Author: Dr. Xiang Wang (xiangwang at u.nus.edu)
Introduction
Knowledge Graph Attention Network (KGAT) is a new recommendation framework tailored to knowledge-aware personalized recommendation. Built upon the graph neural network framework, KGAT explicitly models the high-order relations in collaborative knowledge graph to provide better recommendation with item side information.
Citation
If you want to use our codes and datasets in your research, please cite:
@inproceedings{KGAT19,
author = {Xiang Wang and
Xiangnan He and
Yixin Cao and
Meng Liu and
Tat{-}Seng Chua},
title = {{KGAT:} Knowledge Graph Attention Network for Recommendation},
booktitle = {{KDD}},
pages = {950--958},
year = {2019}
}
Environment Requirement
The code has been tested running under Python 3.6.5. The required packages are as follows:
tensorflow == 1.12.0
numpy == 1.15.4
scipy == 1.1.0
sklearn == 0.20.0
Reproducibility & Example to Run the Codes
To demonstrate the reproducibility of the best performance reported in our paper and faciliate researchers to track whether the model status is consistent with ours, we provide the best parameter settings (might be different for the custormized datasets) in the scripts, and provide the log for our trainings.
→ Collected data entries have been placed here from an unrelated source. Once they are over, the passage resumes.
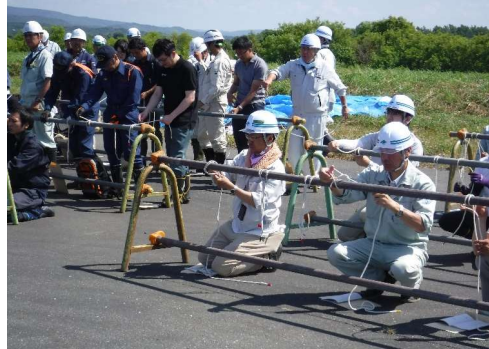
ロープの結び方の受講状況
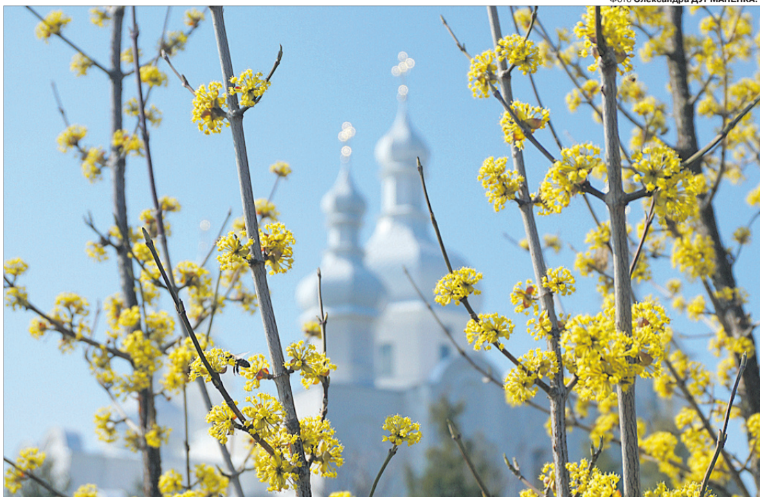
Весна в селі Ратнів Луцького району.
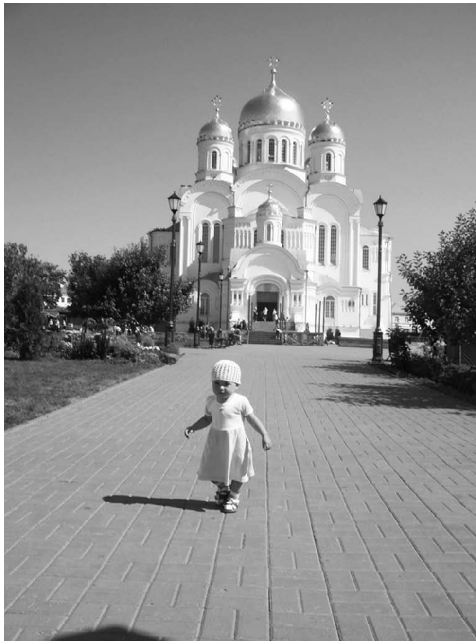
В Серафимо-Дивеевском монастыре

В 1903 году, через 70 лет после кончины, состоялось прославление преподобного Серафима Саровского — он
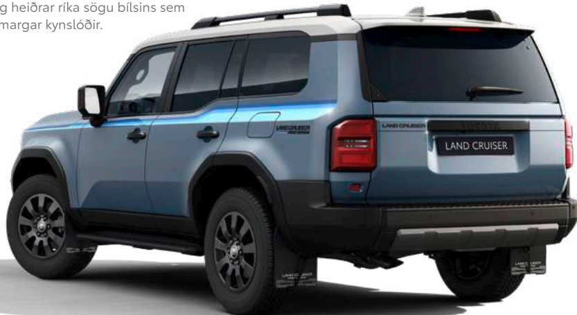
PAKKI 1 Blátt litapema

Toyota Land Cruiser First Edition-pakinn, samanstendur af teppamottum, límniðaskreytingum með fortíðar ívafi og aurhlífum. Pakinn undirstrikar arfleifð Land Cruiser og heiðrar ríka sögu bílsins sem spannar margar kynslóðir.
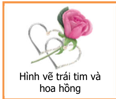
Hình vẽ trái tim và hoa hồng

Người Anh và Pháp đã tổ chức lễ này từ thời Trung cổ, nhưng đến thế kỷ 17, tập tục tặng thiệp làm bằng tay cho người yêu mới phổ biến. Hình ảnh thường thấy là hình trái tim, hoa hồng, mũi tên và vị thần tình yêu Cupid.
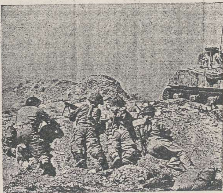
בקרב על עזה מילא הצגים תפקיד מרכזי — ותפקיד החי"ר הצטמצם לנטיעה אחריו וטיהור העורף.

גם כאן ההתקדמות בלילה, לאורך עשרות קילומטרים ולמרות התנגדות האויב, אפשרה קודם-כל הודות לאומץ לבם של האנשים, ובעיקר מפקדי כוח-החוד. לדוגמא: ערב כיבוש האנ-יוניס אירע המקרה הבא: מפקד כוח-החוד, אשר פקד בעצמו על הטנק הקידמי ביותר, עלה במוצב (סוף בעמ' 14)
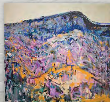
Tapani Mikkonen: Koli, akryyli kankaalle, 200x185cm, 2013.

Näyttely avoinna 11.6.-21.8. ma-pe klo 11.00-17.00 sekä Vaskiviikon konserttien aikana
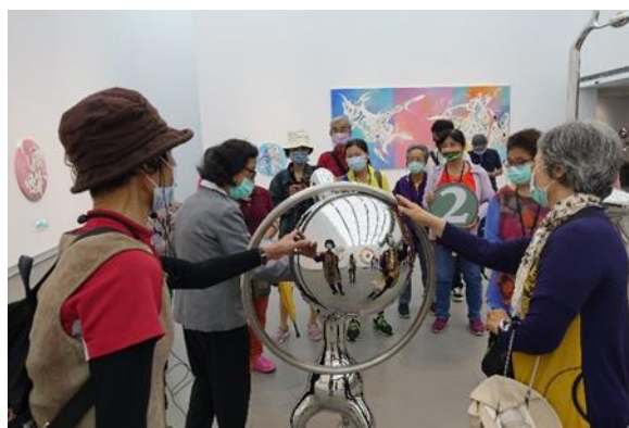
說明：辦理高雄美術館文化參訪，提升志工美學鑑賞能力
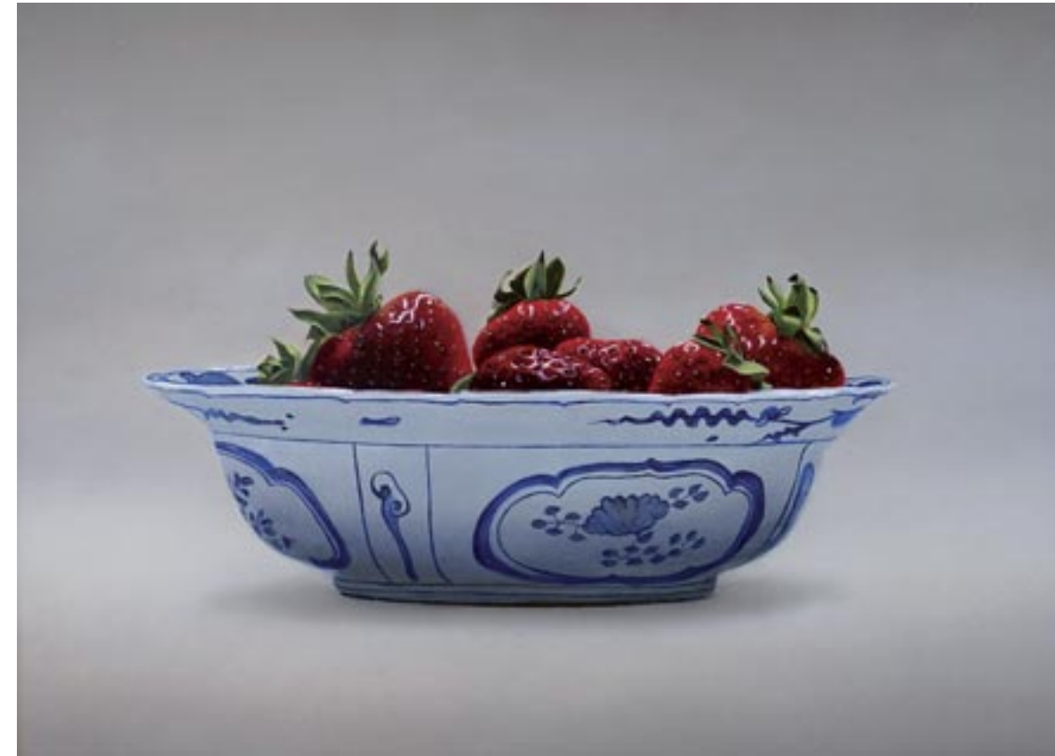
Aardbeien, 2016, olieverf op paneel, 47 x 58 cm
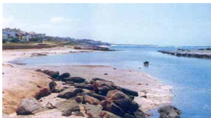
Plage de Harhoura

Observation Générale : L'ensemble du chapelet des plages au sud de Rabat nécessite un cadre général à élaborer avec la commune et l'autorité afin de capitaliser les efforts du sponsor qui semblent actuellement éparpillés. Le travail important fourni par le sponsor apparaîtra alors dans le cadre d'un développement intégré et à long terme.
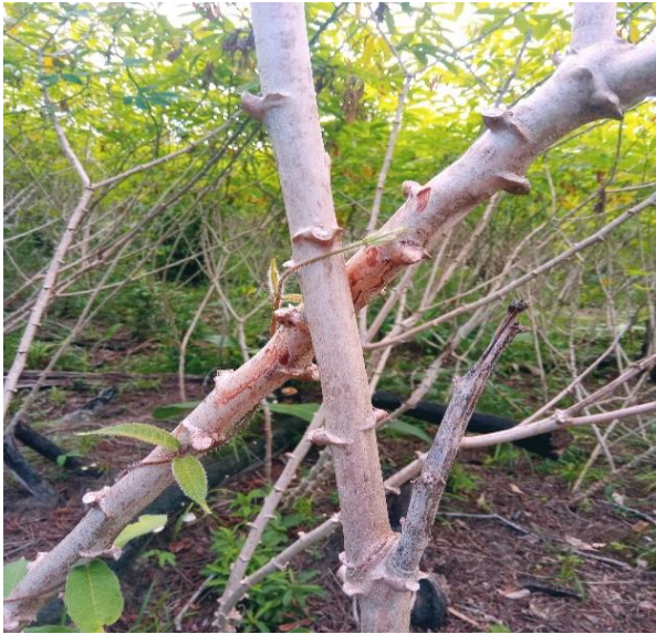
Figura 3: Maniva Amarelona
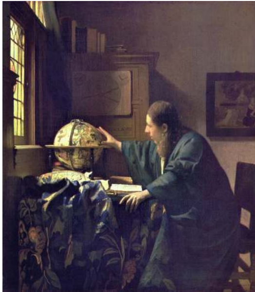
Figura 1. Jan Vermeer, El Astrónomo , óleo sobre tela, 1668.

Sobre la pintura de Vermeer se ha escrito bastante y variado. La razón de esta diversidad de interpretaciones y aproximaciones es resultado, en gran medida, de la ausencia de documentos escritos del propio pintor, y de la escasez de testimonios contemporáneos sobre su vida y obra. A esta ausencia de textos escritos se suma una prolífica producción visual que dejaron los artistas holandeses del siglo XVII, motivando la elaboración de interesantes hipótesis sobre su construcción, contenido y recepción. Para este trabajo nos centraremos en dos obras específicas: El Astrónomo (1668) [Fig. 1] y El Geógrafo (1669) [Fig. 2], dos de las únicas tres obras fechadas por el pintor (siendo la otra En Casa de la Alcahueta , de 1656), y usualmente consideradas como obras complementarias en fabricación y tema.
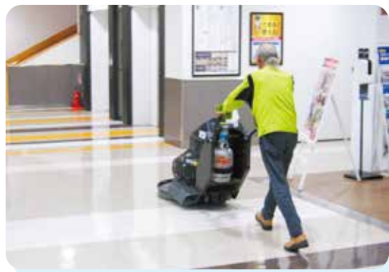
軽やかなフットワークで操作
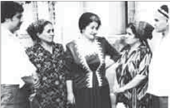
Отуз юч жылдан сора кьумач ськьган комбинатда тюбешуу.
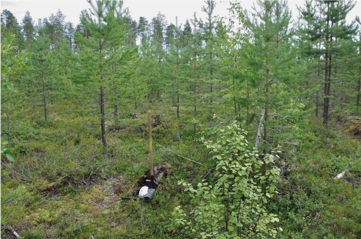
Kuva 1. Lappio on kirveen löytöpaikan vieressä. Kuvattu eteläkaakosta. KaiM 8076:2.

The instruction of commands has been clearly stated in the codes (see the parser function in Model/utility/parser.py).
It specifies the type of laplacian matrix where each entry defines the decay factor between two connected nodes.
Here we provide two options:
si (by default), where each decay factor between two connected nodes (say, x->y) is set as 1/(out degree of x), while each node is also assigned with 1 for self-connections. Usage: --adj_type si.
bi, where each decay factor between two connected nodes (say, x->y) is set as 1/sqrt((out degree of x)*(out degree of y)). Usage: --adj_type bi.
mess_dropout
It indicates the message dropout ratio, which randomly drops out the outgoing messages. Usage --mess_dropout [0.1,0.1,0.1].
pretrain
Please note that, as million-scale knowledge graphs are involved in the recommendation task, it is strongly suggested to use the trained user and item embeddings of BPR-MF to initialize the user and item embeddings of all models (including all baselines and our KGAT) by setting the hyperparameter pretrain as -1.
If you would like to train all models from scratch, please set the hyperparameter pretrain as 0. In this case, please set the number of epoch and the criteria of early stopping larger.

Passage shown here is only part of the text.